Re: [PATCH RFC 0/5] mm/gup: Introduce exclusive GUP pinning

David Hildenbrand <david@xxxxxxxxxx> · Fri, 21 Jun 2024 10:02:08 +0200

On 21.06.24 09:32, Quentin Perret wrote:
On Thursday 20 Jun 2024 at 20:18:14 (-0300), Jason Gunthorpe wrote:
On Thu, Jun 20, 2024 at 03:47:23PM -0700, Elliot Berman wrote:
On Thu, Jun 20, 2024 at 11:29:56AM -0300, Jason Gunthorpe wrote:
On Thu, Jun 20, 2024 at 04:01:08PM +0200, David Hildenbrand wrote:
Regarding huge pages: assume the huge page (e.g., 1 GiB hugetlb) is shared,
now the VM requests to make one subpage private.

I think the general CC model has the shared/private setup earlier on
the VM lifecycle with large runs of contiguous pages. It would only
become a problem if you intend to to high rate fine granual
shared/private switching. Which is why I am asking what the actual
"why" is here.

I'd let Fuad comment if he's aware of any specific/concrete Anrdoid
usecases about converting between shared and private. One usecase I can
think about is host providing large multimedia blobs (e.g. video) to the
guest. Rather than using swiotlb, the CC guest can share pages back with
the host so host can copy the blob in, possibly using H/W accel.

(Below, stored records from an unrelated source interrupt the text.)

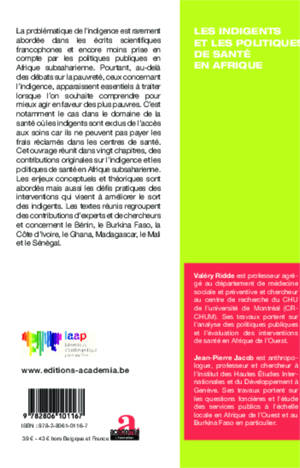 Au-delà des enjeux liés à la question de la pauvreté, cet ouvrage traite de la problématique de l'indigence en relation avec les politiques de santé et avec les politiques publiques en Afrique sub-saharienne. L'ouvrage réunit les contributions de chercheurs et intervenants préoccupés par le développement des connaissances sur l'indigence et la santé, tant d'un point de vue conceptuel et historique que pour relever les défis des interventions en faveur des plus pauvres.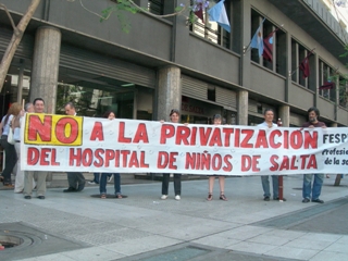 El Hospital de Niños fue entregado por la administración provincial para su gerenciamiento a la Fundación privada española Santa Tecla. "Estamos hoy acá todos los que luchamos por la salud pública para denunciar por parte del Gobierno de la provincia de Salta la privatización del Hospital de Niños El Milagro y de 23 Centros de Salud dependientes a manos de un grupo empresario español", aseveró Silvia León, de la Mesa nacional de CTA y dirigente de Salud de la Asociación de Trabajadores del Estado (ATE-CTA).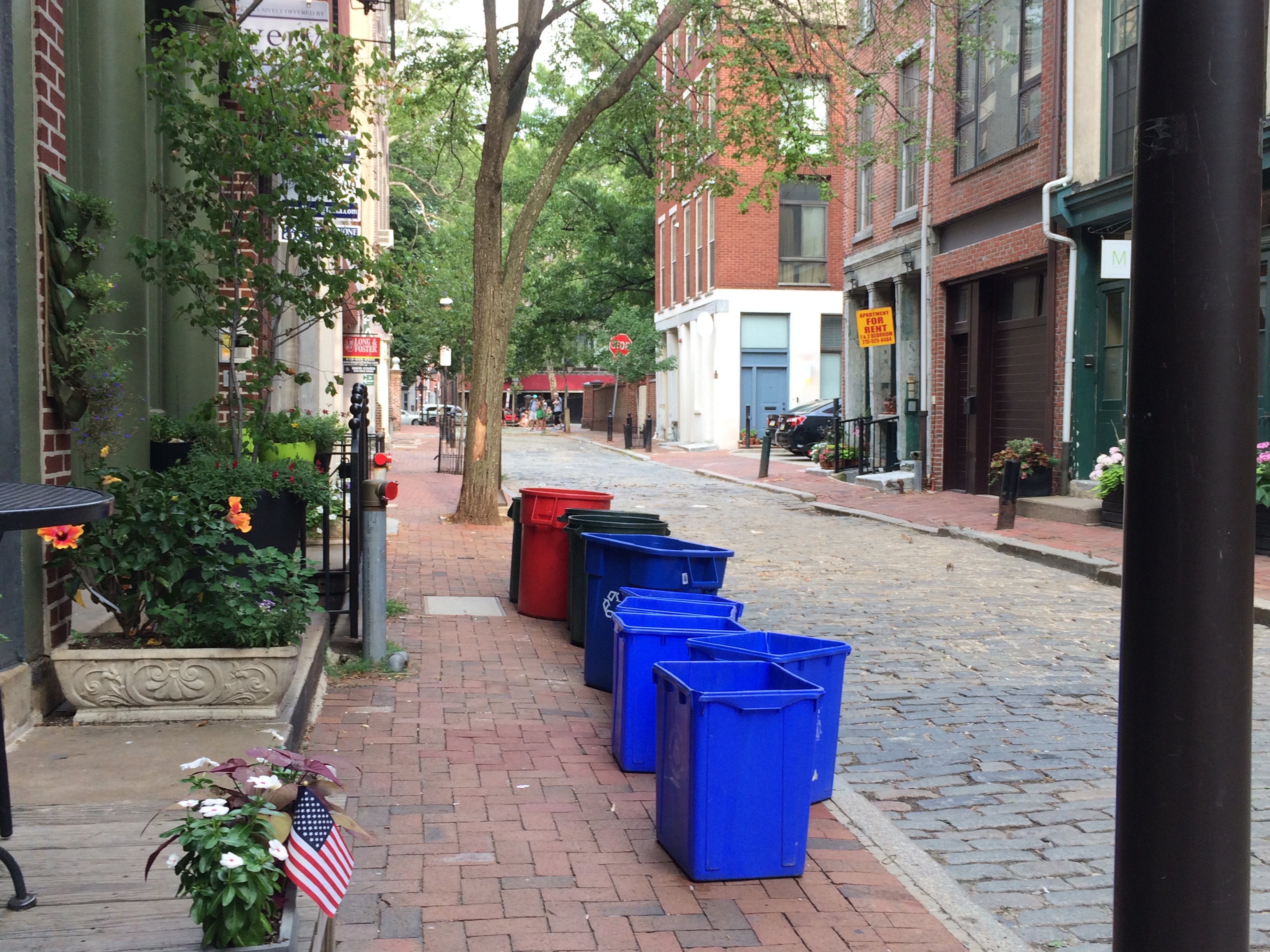 Old City’s Church Street is paved with grey bricks. They contrast nicely with plastic recycling bins.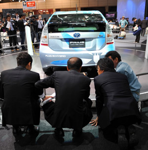 豐田汽車公司員工在日本東京車展上一輛展出的新型混合動力車后交談。新華社/法新 |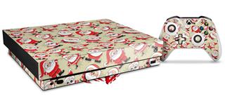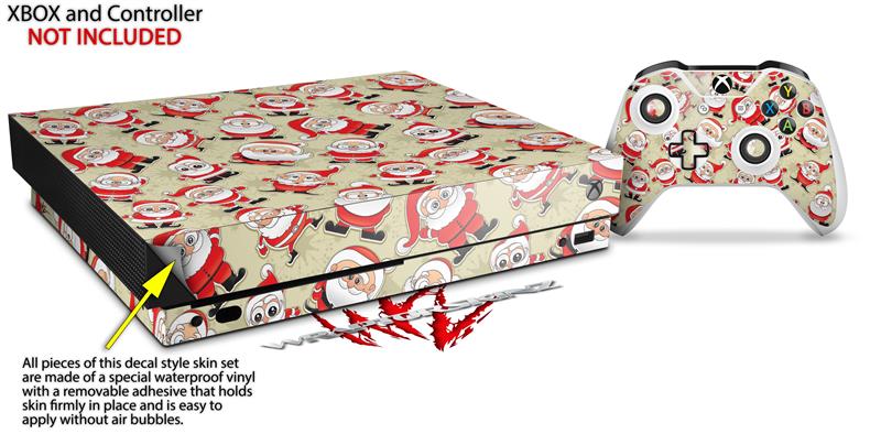 Skin Wrap for XBOX One X Console and Controller Lots of Santas

I
mention this example because we may not need to support shared/private
conversions at granularity finer than huge pages.

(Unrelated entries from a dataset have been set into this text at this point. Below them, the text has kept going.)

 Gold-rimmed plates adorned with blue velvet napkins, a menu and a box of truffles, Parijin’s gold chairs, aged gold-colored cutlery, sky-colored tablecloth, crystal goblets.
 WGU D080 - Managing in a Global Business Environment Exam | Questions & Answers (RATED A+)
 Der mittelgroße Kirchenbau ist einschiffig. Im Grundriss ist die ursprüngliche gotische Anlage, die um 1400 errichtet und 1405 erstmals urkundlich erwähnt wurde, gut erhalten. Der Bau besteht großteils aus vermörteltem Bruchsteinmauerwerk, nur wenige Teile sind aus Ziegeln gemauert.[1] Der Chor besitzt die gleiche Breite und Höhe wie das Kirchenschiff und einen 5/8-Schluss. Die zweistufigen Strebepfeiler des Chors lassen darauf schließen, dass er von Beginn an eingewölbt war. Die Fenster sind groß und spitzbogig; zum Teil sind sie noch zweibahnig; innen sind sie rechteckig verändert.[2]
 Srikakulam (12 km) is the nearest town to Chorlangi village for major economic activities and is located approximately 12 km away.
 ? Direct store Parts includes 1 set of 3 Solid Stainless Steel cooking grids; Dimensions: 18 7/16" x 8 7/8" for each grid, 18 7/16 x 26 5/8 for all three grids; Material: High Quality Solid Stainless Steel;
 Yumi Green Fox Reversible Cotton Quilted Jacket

I suspect the more useful thing would be to be able to allocate actual
shared memory and use that to shuffle data without a copy, setup much
less frequently. Ie you could allocate a large shared buffer for video
sharing and stream the video frames through that memory without copy.

This is slightly different from converting arbitary memory in-place
into shared memory. The VM may be able to do a better job at
clustering the shared memory allocation requests, ie locate them all
within a 1GB region to further optimize the host side.

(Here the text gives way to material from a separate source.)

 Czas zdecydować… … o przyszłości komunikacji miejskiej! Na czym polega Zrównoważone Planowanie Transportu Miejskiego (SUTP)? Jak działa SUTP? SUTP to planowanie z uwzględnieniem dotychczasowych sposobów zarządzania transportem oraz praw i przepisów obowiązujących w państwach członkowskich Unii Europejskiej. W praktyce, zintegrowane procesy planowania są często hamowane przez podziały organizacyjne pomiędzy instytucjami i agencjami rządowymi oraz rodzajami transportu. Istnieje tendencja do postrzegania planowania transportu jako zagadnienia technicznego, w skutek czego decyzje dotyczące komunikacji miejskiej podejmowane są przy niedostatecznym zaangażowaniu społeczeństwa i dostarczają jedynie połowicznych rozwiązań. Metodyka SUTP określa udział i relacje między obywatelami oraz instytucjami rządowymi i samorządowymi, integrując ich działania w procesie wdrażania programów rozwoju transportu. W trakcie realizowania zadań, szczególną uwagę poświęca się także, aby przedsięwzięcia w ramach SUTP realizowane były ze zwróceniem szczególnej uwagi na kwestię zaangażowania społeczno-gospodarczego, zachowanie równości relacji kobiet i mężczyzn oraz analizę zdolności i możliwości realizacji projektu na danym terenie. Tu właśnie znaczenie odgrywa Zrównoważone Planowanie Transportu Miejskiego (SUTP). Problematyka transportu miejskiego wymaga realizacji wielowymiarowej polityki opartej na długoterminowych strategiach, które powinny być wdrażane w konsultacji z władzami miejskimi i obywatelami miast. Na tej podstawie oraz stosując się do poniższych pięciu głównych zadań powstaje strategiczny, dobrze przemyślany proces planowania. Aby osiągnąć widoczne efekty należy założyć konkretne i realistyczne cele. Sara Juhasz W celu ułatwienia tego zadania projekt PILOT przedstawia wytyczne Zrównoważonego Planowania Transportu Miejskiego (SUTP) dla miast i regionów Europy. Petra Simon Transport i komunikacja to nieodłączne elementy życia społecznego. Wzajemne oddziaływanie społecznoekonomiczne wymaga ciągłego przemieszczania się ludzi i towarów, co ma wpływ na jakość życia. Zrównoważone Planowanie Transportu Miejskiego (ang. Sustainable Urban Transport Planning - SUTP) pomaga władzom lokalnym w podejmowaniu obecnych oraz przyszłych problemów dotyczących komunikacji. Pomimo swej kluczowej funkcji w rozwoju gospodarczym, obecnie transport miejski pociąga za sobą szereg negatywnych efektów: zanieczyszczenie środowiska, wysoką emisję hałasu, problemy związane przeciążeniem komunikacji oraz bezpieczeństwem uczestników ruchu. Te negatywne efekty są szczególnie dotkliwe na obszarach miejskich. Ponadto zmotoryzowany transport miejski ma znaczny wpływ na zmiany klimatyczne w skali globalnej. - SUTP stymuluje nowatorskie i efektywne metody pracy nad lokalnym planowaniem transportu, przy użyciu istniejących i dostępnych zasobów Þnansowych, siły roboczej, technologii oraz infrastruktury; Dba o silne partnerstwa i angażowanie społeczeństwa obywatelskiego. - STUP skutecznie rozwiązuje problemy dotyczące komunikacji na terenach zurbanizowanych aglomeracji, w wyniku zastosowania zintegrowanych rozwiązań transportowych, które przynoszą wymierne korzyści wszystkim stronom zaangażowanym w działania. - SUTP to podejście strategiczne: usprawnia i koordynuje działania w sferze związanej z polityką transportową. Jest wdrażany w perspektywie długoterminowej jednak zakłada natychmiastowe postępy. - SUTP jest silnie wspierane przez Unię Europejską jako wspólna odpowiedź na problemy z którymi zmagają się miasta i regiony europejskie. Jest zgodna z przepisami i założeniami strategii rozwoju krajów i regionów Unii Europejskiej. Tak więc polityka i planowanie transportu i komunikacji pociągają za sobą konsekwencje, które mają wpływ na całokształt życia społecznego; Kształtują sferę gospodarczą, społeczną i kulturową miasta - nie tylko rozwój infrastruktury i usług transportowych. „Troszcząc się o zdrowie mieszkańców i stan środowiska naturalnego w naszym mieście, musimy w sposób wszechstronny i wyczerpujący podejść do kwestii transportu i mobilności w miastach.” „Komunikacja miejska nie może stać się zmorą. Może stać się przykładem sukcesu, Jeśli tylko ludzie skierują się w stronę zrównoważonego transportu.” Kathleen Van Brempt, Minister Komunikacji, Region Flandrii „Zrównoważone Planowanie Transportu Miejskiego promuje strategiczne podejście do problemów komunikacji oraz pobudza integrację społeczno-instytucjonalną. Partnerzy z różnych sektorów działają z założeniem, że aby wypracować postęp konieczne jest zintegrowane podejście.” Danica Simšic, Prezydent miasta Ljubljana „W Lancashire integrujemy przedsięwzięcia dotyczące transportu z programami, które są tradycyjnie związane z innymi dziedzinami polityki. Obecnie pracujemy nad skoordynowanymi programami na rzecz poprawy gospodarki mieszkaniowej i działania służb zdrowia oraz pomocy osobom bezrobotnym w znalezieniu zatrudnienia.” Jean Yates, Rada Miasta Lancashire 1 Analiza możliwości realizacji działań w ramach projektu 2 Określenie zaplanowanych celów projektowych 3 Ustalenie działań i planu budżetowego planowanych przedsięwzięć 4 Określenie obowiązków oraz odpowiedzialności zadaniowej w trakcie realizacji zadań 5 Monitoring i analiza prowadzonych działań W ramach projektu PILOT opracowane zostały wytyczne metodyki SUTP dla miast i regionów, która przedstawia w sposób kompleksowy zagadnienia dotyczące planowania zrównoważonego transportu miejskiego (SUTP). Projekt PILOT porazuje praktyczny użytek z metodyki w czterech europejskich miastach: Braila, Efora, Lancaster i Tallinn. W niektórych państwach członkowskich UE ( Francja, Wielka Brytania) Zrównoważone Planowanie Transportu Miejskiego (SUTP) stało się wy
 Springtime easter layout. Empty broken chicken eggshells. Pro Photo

Jason, do you have scenario in mind? I couldn't tell if we now had a
usecase or are brainstorming a solution to have a solution.

No, I'm interested in what pKVM is doing that needs this to be so much
different than the CC case..

The underlying technology for implementing CC is obviously very
different (MMU-based for pKVM, encryption-based for the others + some
extra bits but let's keep it simple). In-place conversion is inherently
painful with encryption-based schemes, so it's not a surprise the
approach taken in these cases is built around destructive conversions as
a core construct. But as Elliot highlighted, the MMU-based approach
allows for pretty flexible and efficient zero-copy, which we're not
ready to sacrifice purely to shoehorn pKVM into a model that was
designed for a technology that has very different set of constraints.
A private->shared conversion in the pKVM case is nothing more than
setting a PTE in the recipient's stage-2 page-table.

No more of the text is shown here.